Cut 4” off the end of the cables and fitted new F type plugs, done these before without issue.

Centre core was nice and bright, outer was ok.

Still no signal on the Sky box! 😫

 
You WON'T get it right with a compass and a protractor. That will only get you CLOSE.

So now with the sky box monitoring the signal strength and quality, rotate the dish SLOWLY a few degrees side to side. 

No signal, increase the elevation a TINY amount and scan side to side slowly again.

Repeat until you get a signal.

It is MUCH easier and quicker if you have a decent satellite meter with you by the dish that you can see as you move it.

 
Well, fed up now.

I left this for a while to see, if it was in the right direction the Sky box would pickup a signal, and been a bit busy.

So today, I decided to try again.

So using https://www.dishpointer.com/.

I got the elevation and angle the dish should be at.

Had to twist the bracket a little to get the elevation to 23.7 deg, then set the angle to 142 degrees as per the specc on the website.

Cut 4” off the end of the cables and fitted new F type plugs, done these before without issue.

Centre core was nice and bright, outer was ok.
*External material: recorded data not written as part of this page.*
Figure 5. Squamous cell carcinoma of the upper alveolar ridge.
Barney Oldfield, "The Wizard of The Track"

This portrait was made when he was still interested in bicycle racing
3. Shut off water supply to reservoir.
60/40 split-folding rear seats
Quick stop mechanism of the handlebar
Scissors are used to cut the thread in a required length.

Still no signal on the Sky box! 😫
Another thought.  HOW are you measuring the elevation?  you should not have to twist the bracket to get the elevation needed. So I wonder if you are measuring it wrong.  There shouls be markings on the bracket at the point you adjust the elevation to give you some idea, and some makes of dish you can put the bracket together the wrong way up which makes the markings completely wrong.
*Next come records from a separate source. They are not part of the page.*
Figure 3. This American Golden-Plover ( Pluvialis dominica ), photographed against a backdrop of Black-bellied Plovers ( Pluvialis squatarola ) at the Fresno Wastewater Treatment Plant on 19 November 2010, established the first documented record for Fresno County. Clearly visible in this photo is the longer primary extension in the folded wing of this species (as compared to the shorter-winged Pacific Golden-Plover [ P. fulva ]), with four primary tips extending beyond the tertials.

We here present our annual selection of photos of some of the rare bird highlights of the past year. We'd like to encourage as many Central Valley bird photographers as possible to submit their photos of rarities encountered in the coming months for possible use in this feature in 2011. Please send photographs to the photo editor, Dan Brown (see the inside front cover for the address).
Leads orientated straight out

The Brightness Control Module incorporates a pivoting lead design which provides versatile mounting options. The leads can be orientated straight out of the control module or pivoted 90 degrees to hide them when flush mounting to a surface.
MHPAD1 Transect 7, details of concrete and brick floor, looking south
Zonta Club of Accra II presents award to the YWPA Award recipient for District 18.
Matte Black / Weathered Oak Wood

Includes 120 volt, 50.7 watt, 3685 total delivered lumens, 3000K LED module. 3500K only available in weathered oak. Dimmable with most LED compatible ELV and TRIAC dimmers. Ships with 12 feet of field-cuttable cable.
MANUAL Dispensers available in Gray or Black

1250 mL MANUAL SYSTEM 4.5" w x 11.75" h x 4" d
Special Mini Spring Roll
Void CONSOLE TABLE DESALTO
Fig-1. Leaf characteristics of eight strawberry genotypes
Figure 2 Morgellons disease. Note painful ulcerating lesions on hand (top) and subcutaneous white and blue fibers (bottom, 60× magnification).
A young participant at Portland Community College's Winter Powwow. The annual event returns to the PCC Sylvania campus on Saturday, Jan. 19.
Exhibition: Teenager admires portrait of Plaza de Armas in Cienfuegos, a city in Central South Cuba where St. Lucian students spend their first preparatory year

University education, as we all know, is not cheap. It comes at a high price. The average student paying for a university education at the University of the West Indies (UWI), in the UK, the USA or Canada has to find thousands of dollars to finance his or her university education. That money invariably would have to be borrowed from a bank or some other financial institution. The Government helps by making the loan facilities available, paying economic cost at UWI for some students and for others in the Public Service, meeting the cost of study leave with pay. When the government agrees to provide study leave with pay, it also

The front face of the dish should be just about upright where you are, up here the front face of the dish normally points downwards a few degrees.

 
pWell going back to gun sights, an elevation of 23 degrees is the barrel pointing up from the horizontal by 23 degrees, so the arm on the dish is pointing up by 23 degrees.

This is the only definition of elevation that I know in this respect.

 
pWell going back to gun sights, an elevation of 23 degrees is the barrel pointing up from the horizontal by 23 degrees, so the arm on the dish is pointing up by 23 degrees.

This is the only definition of elevation that I know in this respect.
These are offset dishes. That means the LNB is offset from the prime focus position.  So with the face of the dish upright, the elevation will be nearly right. but you will have to try up or down a few degrees.